Hello to all readers! I'm back!

I had a tricky summer. I was living in DC for the summer instead of heading home to Jersey. I got a job as a hostess at a fantastic Italian restaurant in Dupont Circle. I'm currently NOT in a relationship, though I certainly have been keeping my options open. My phone slowly died over the summer (RIP Samsung Galaxy 1) and got a new phone (YAY Samsung Galaxy 4). Right when I got the new phone in the mail, with the package in my hands, my laptop dies. CRAP - I know. RIP HP of 6-7 years.

My birthday was last Sunday, September 8! I turned 21 so I can officially go out for drinks! I'm in my senior year of college - YAY! - and my brother got married in the beginning of August to his lovely wife - ANOTHER YAY! So it's been full of ups and downs, but I am still feeling fantastic despite the downers.

I hope everyone's summer has been wonderfully amazing and full of great adventures!

I will keep you posted on hilarious stories of the unfortunately funny life of Marie :)

Ciao ciao!

August 4, 2013

Updates

Hello to all,

I have had a tricky summer.

My laptop died,  the only connection I have to my blog.

Updates will be coming soon,
And so will tales of my 2013 summer adventures!

Thank you for your patience :)

Live to the fullest!

M

July 2, 2013

Depths from the Past - Part 3

The Solution

Why did I write those 2 horrifyingly scary posts? Don't worry - I promise I'm not that person now.

A few things have come to my attention recently.


1 - What the hell are your kids doing on Facebook and Twitter?

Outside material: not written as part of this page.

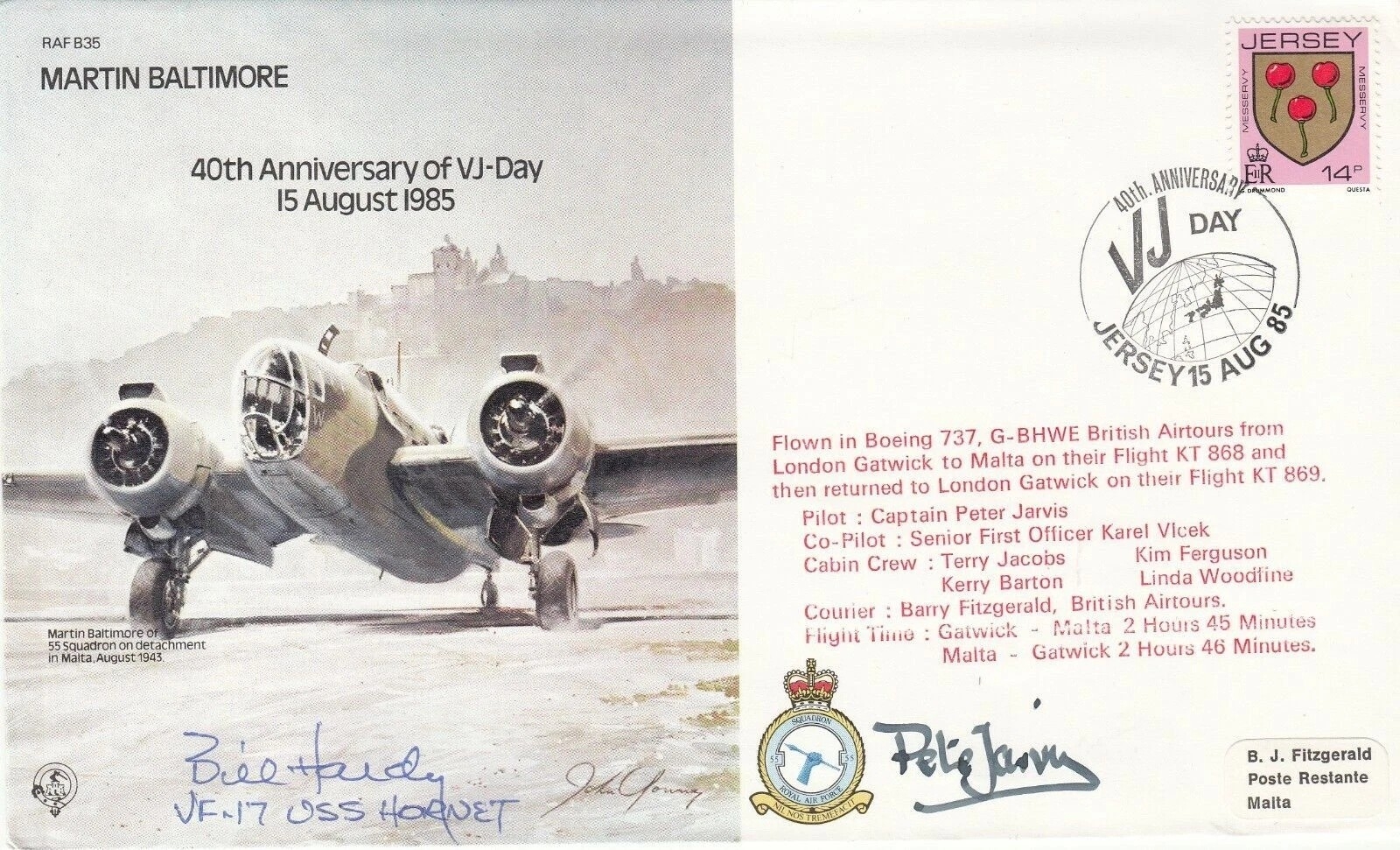 B35a 40th Anniv VJ - Day Signed by Bill Hardy USA Ace 6½ Victories . 15 Aug 85 Jersey 40th Anniv VJ - Day. Flown in Boeing 737 to Malta. Personally Signed by in Boeing 737 Pilot Captain Peter Jarvis and Bill Hardy USA Naval Ace 6½ inches Commissioned an Ens on 16 Dec 1943 served with VF-17 from February 1944 based on the Hornet by Feb 1945 he had 748. 4 flying hours. Details enclosed. Single Vendor RAF cover collection. Good condition. All autographs come with a Certificate of Authenticity. We combine postage on multiple winning lots and can ship worldwide. UK postage from £5.99, EU from £7.99, Rest of World from £9.99

If your child is under 18 and has a Facebook, I don't think that's smart parenting. When I was in middle school, MySpace was the big thing. Everyone at that age gets in trouble since they're still working on their "identity". They don't even who their true friends are. I can understand if your child might be traveling during the summers for some academic or sports programs and meet people from around the world. They want to keep in touch - I can appreciate that. If any adult looked at their child's Facebook, Twitter, or whatever page, I'm sure they'd be surprised. When you get older, especially when you grow up in college, you realize that the younger kids are aggravating as shit online. I don't want to see 50 posts about how depressed you are because some guy doesn't like you. You sound like Taylor Swift and someone needs to smack the shit out of you. Some parents don't even know what their kids are doing - smoking, drinking, going to parties they shouldn't be at. It explains where they REALLY were last Saturday night. 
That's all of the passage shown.